Tras desvanecerse ambas, la flota decidía volver por las mismas aguas para recoger los cadáveres flotantes.
Y ahí se culminaba el horror, al comprobar que los ballenatos se habían transformado en miles de niños muertos que eran los hijos, nietos, sobrinos, hermanos pequeños…de los propios balleneros. Todos rompían a llorar y muchos se lanzaban al agua buscando la muerte, al comprobar en que se había convertido su locura sanguinaria”...
Según descendía Trumoia hacia el fondo del mar consumiendo sus últimos instantes de vida, recordó el sueño y se alegró de las decisiones al respecto tomadas.
Se acordó del ballenato que sobrevivió a la masacre y recordó vagamente la marca circular que vislumbró en su cabeza.
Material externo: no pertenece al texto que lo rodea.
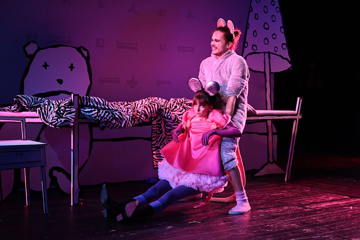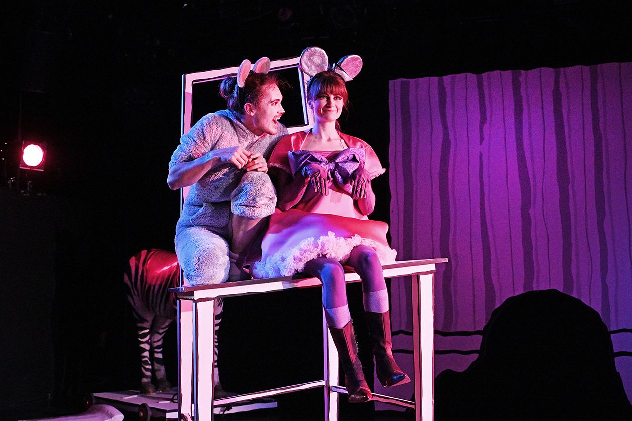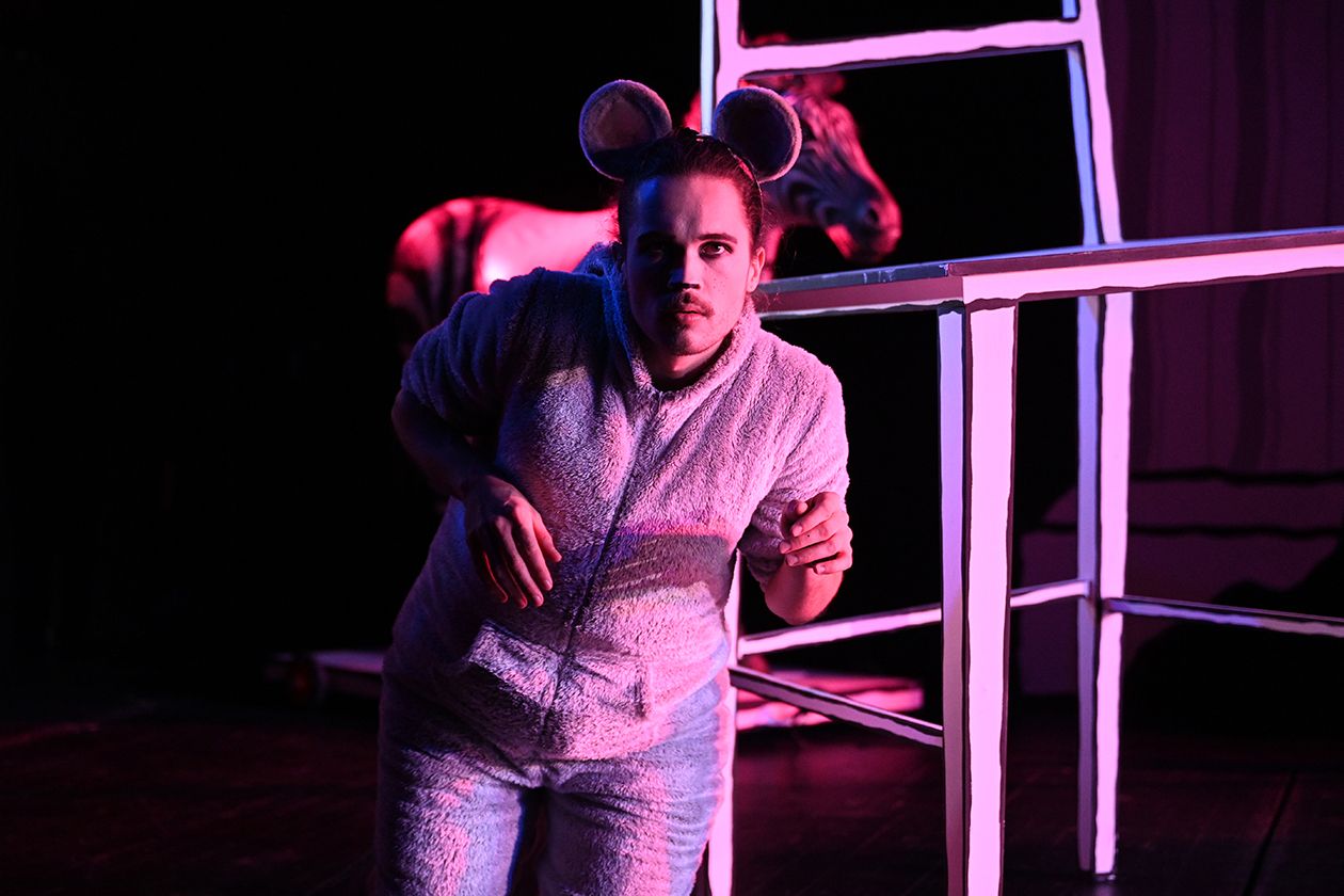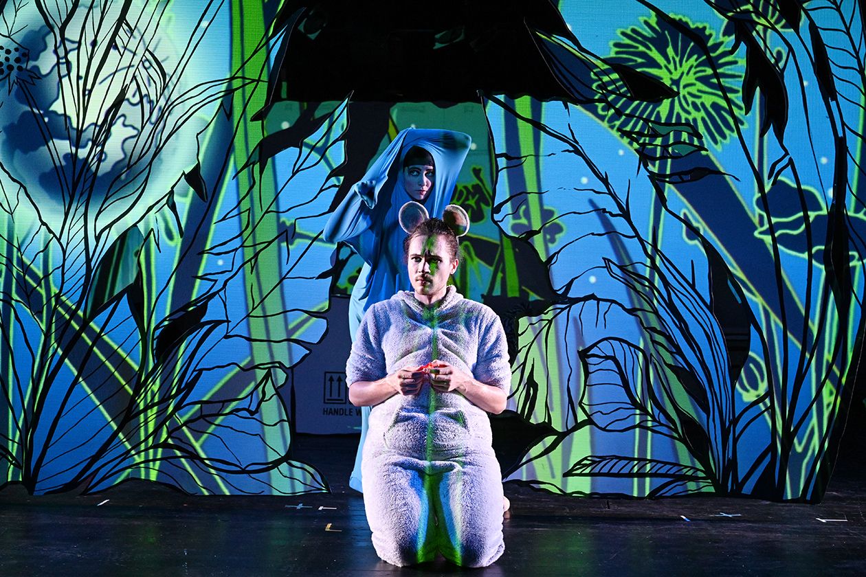 Mit vollem Körpereinsatz eignet sich das energiegeladene Darstellerduo Max Lamperti und Nora Rebecca Wolff diese tierischen Figuren an. Belustigt verfolgt man, wie Lamperti gut 50 Minuten lang über die Bühne wuselt, dabei immer wieder die typischen Bewegungen eines kleinen Nagers imitiert … Nora Rebbeca Wolff spielt diesen Automaten im wahrsten Sinne des Wortes herrlich aufgedreht: mit hohem Stimmchen, gestelzten Bewegungen und wiederholten Hängern im Sprachzentrum: »Tu was! Tu was! Tu was!«.
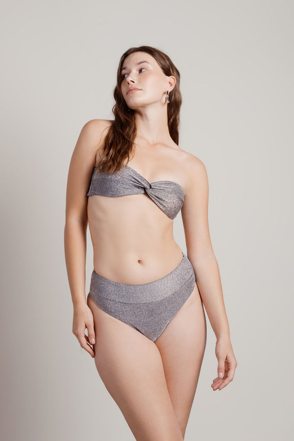 Dive into dazzling style with the Twist and Turn Metallic Bikini Set! This eye-catching set features a sleek metallic finish and a bandeau top with a playful front knot detail, adding a touch of glam to your beach or poolside look. Available in Silver, it's perfect for making waves and turning heads. Slip into this bikini and shine bright under the sun-your ultimate summer statement awaits!
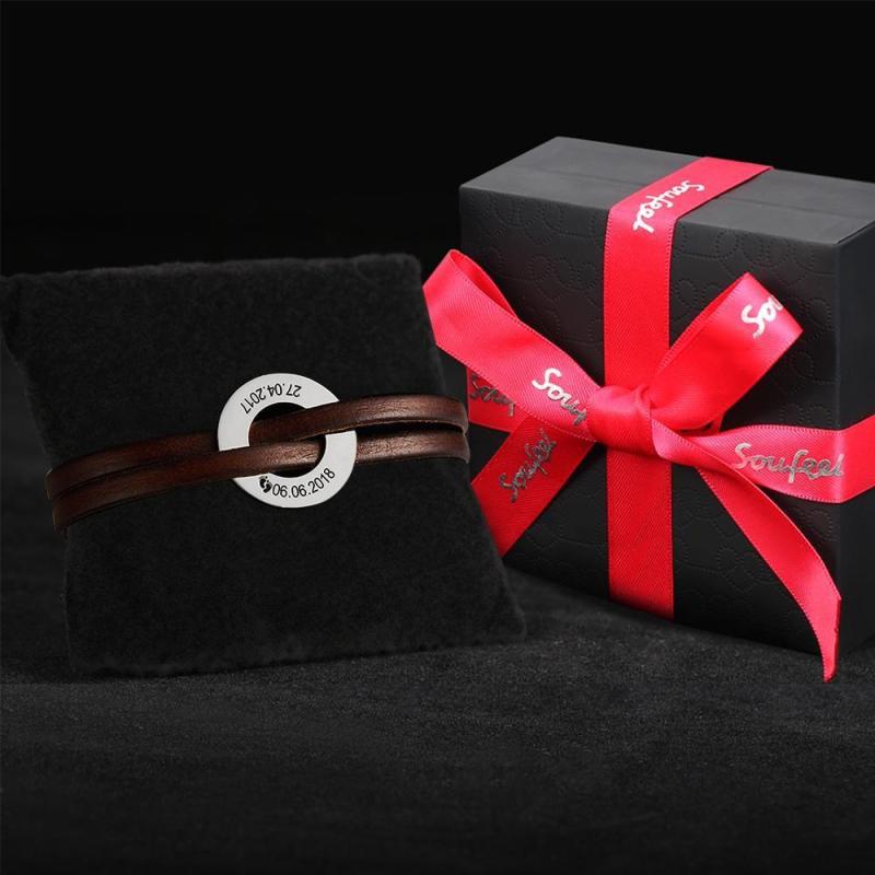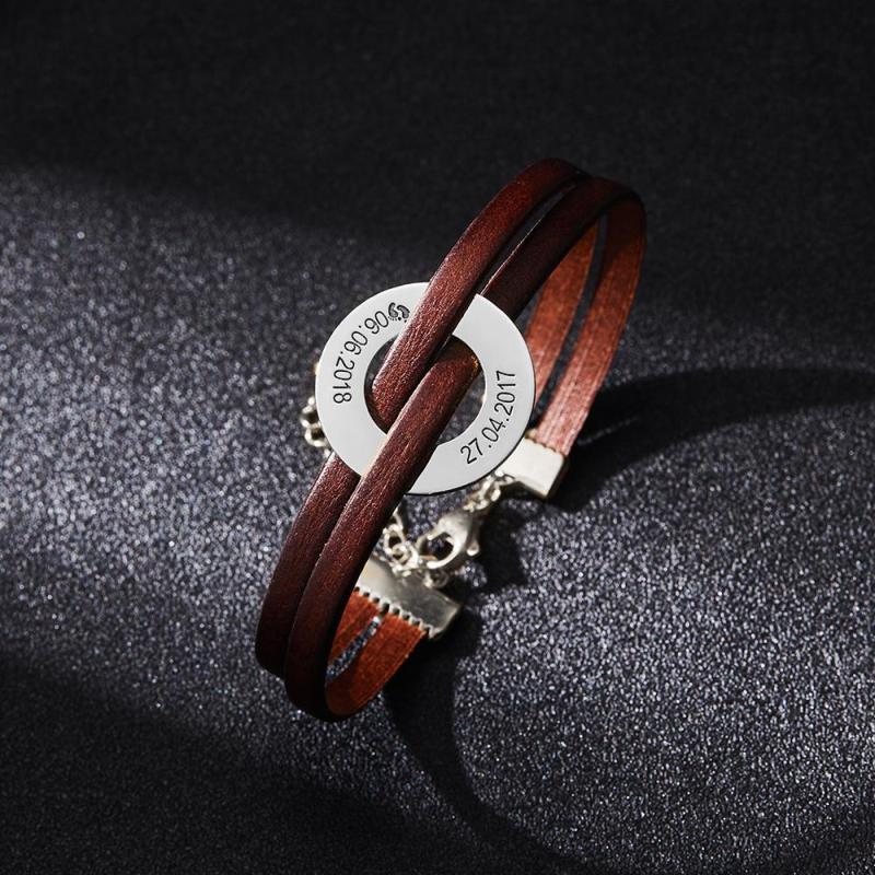 Lether Pulsera Grabada Pulsera Para Hombre Pulsera Con Nombre Regalos Conmemorativos
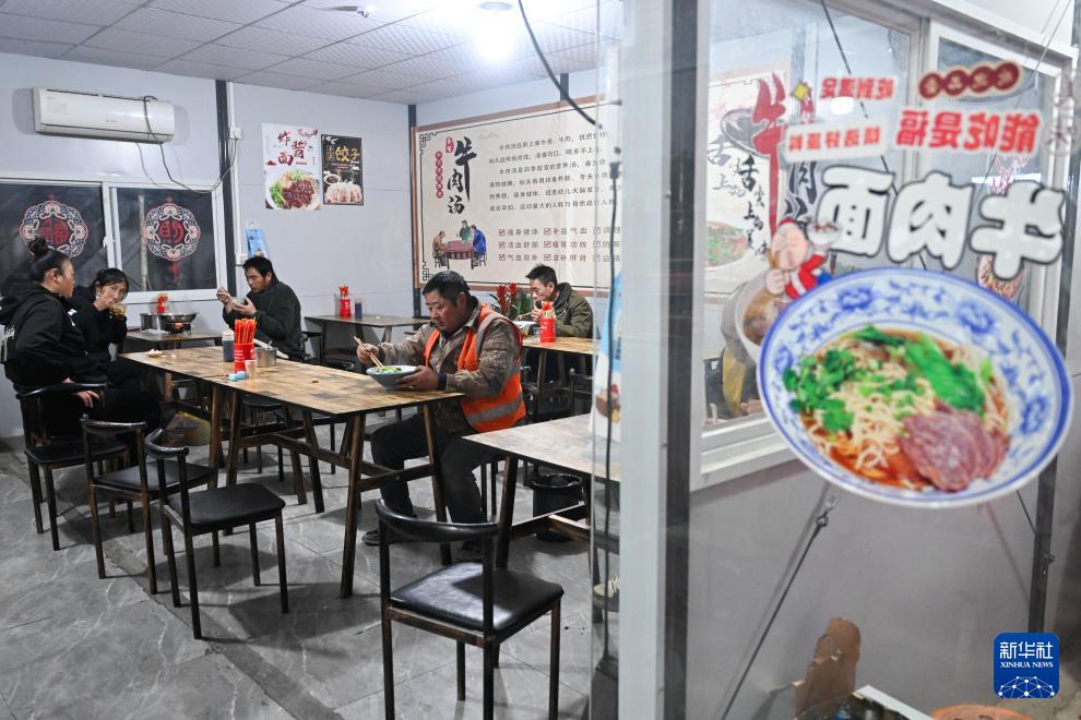 11月25日,工人下班后在蘇州北站新時代建筑工人社區“商業街區”一家飯館吃晚飯。

Y en eso vio como una forma blanca se acercaba a él desde la oscuridad del fondo. Se llegó hasta él y resultó ser una gran ballena blanca. Vio la marca en su cabeza que ya la tenía a escasos centímetros de su cara. Era la misma marca que llevaba el mismo en su pómulo. Antes de perder la total consciencia notó como la soga del arpón se desprendía de su pie atrapado y sintió como aquella ballena le empujaba con delicadeza y le subía mientras ya perdía totalmente la consciencia...

Como siempre después de aquellos trances se encontraba débil y confuso. Estaba bien entrada la mañana y la tripulación se encontraba con sus quehaceres habituales. El Maribeltz navegaba con buenos aires en una espléndida mañana.Musa, se le acercó con una taza de té y le dijo como lo habían encontrado mojado en cubierta, de seguro por razón de alguna ola aislada o por el fuerte rocío de la noche. Le habían cambiado de ropa y se encontraba seco y cómodo, bajo el mástil en el que Monkey atronaba alegre en la cofa mientras oteaba el horizonte.
-¿Quieres algo más?
Trumoia le contestó que tenía hambre.
-Hoy en cubierta había muchos peces voladores, diré al cocinero que te ase unos cuantos, le dijo Musa.
-¿Peces voladores? preguntó.
-Si, por toda la cubierta contestó el árabe. Y comenzó a dirigirse a la cocina.
-Musa, espera. Antes mira si el arpón de plata está en su sitio.
Se dirigió a cumplir lo solicitado y al poco volvió para comunicarle que había desaparecido. Le indicó que de inmediato le diría a Gastón que fabricase otro.
-Creo que ya no nos hará falta le comunicó Trumoia, o tal vez si, no estoy seguro. Bueno, mejor que lo haga, si.
Ante la extrañeza que mostraba Musa, le aclaró que no estaba seguro de si soñó algo muy intensamente, que estaba confuso y fuera en busca de esos peces.
-¡Ah! Musa, una última cosa, dentro de un rato cuando haya dado cuenta de los peces, diles al piloto y arponero de guardia que se acerquen.